EXERCISE BRIEF.
Each entry below is to be reproduced exactly, though any pictures it holds must be omitted.

Dataset excerpts.
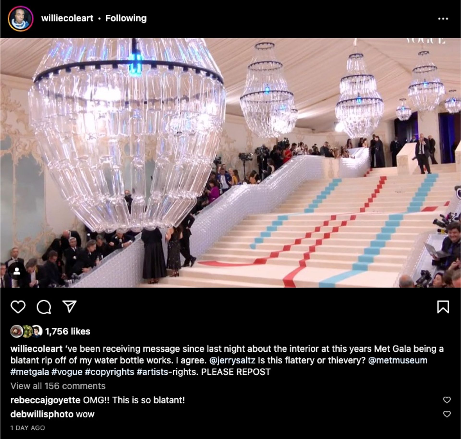 A post by artist Willie Cole on Instagram claiming the chandeliers featured at the 2023 Met Gala were unauthorised copies of his sculptures Screenshot via Instagram
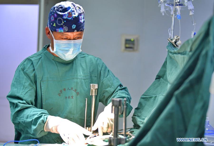 A doctor operates on a hydatid disease patient at Lhasa People's Hospital in Lhasa, capital of southwest China's Tibet Autonomous Region, Dec. 31, 2020. Hydatid disease, or echinococcosis, a parasitic disease caused by tapeworm, is a problem for residents of herding areas in western China. Without treatment, the death rate of the disease is as high as 94 percent. As a major pastoral area, Tibet Autonomous Region reports one of the world's highest frequencies of echinococcosis infections. The disease had been a major cause of poverty for many rural residents in Tibet. To contain transmission of the disease, around 500 medical experts from across the country have been sent to the region since 2016. Together with 3,000 medical support staff, they investigated every household in the region. Any patient diagnosed with hydatid disease now benefit from free care at designated hospitals across the region. A total of 5,057 patients have received surgery over the past four years. Thanks to thorough screening and free treatment, the disease is now effectively contained. The incidence rate of hydatid disease in Tibet has dropped from 1.66 percent in 2016 to 0.26 percent, according to the regional hydatid disease control and prevention office. (Xinhua/Zhang Rufeng)
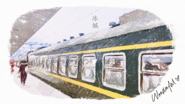 特别像是老式电影里火车的样子,对面的乘客是一大家人,老阿姨和女儿女婿们一路上喝啤酒配红肠,很有 哈尔滨 的感觉了!车厢里很暖和,特别是靠窗的位置,沿路还可以看到雪越来越厚,车窗外的风景也是很好~不过火车里停靠都是靠人工喊的,大家一定要自己注意听噢!
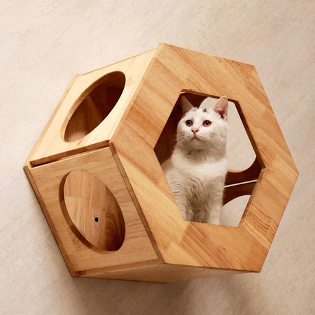 Hexagon Cat Shelves, Wall Mounted Cat Furniture | Rubber Wood
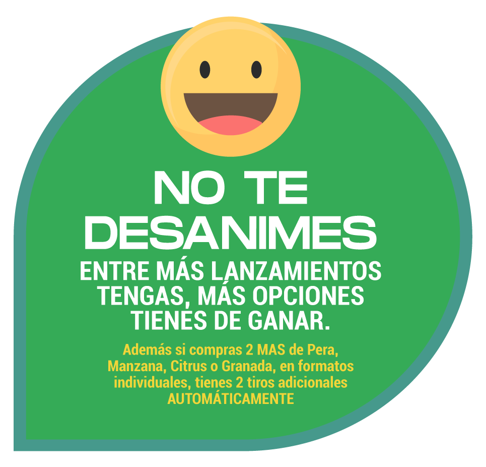 Importante: Si tu factura tiene al menos dos cajas de formato individual de alguno de los siguientes sabores: Manzana, Pera, Citrus y Granada, obtienes automáticamente 2 tiros adicionales a los definidos por la escala!

SOLUTION TO THE PROBLEM.
 A post by artist Willie Cole on Instagram claiming the chandeliers featured at the 2023 Met Gala were unauthorised copies of his sculptures Screenshot via Instagram
 A doctor operates on a hydatid disease patient at Lhasa People's Hospital in Lhasa, capital of southwest China's Tibet Autonomous Region, Dec. 31, 2020. Hydatid disease, or echinococcosis, a parasitic disease caused by tapeworm, is a problem for residents of herding areas in western China. Without treatment, the death rate of the disease is as high as 94 percent. As a major pastoral area, Tibet Autonomous Region reports one of the world's highest frequencies of echinococcosis infections. The disease had been a major cause of poverty for many rural residents in Tibet. To contain transmission of the disease, around 500 medical experts from across the country have been sent to the region since 2016. Together with 3,000 medical support staff, they investigated every household in the region. Any patient diagnosed with hydatid disease now benefit from free care at designated hospitals across the region. A total of 5,057 patients have received surgery over the past four years. Thanks to thorough screening and free treatment, the disease is now effectively contained. The incidence rate of hydatid disease in Tibet has dropped from 1.66 percent in 2016 to 0.26 percent, according to the regional hydatid disease control and prevention office. (Xinhua/Zhang Rufeng)
 特别像是老式电影里火车的样子,对面的乘客是一大家人,老阿姨和女儿女婿们一路上喝啤酒配红肠,很有 哈尔滨 的感觉了!车厢里很暖和,特别是靠窗的位置,沿路还可以看到雪越来越厚,车窗外的风景也是很好~不过火车里停靠都是靠人工喊的,大家一定要自己注意听噢!
 Hexagon Cat Shelves, Wall Mounted Cat Furniture | Rubber Wood
 Importante: Si tu factura tiene al menos dos cajas de formato individual de alguno de los siguientes sabores: Manzana, Pera, Citrus y Granada, obtienes automáticamente 2 tiros adicionales a los definidos por la escala!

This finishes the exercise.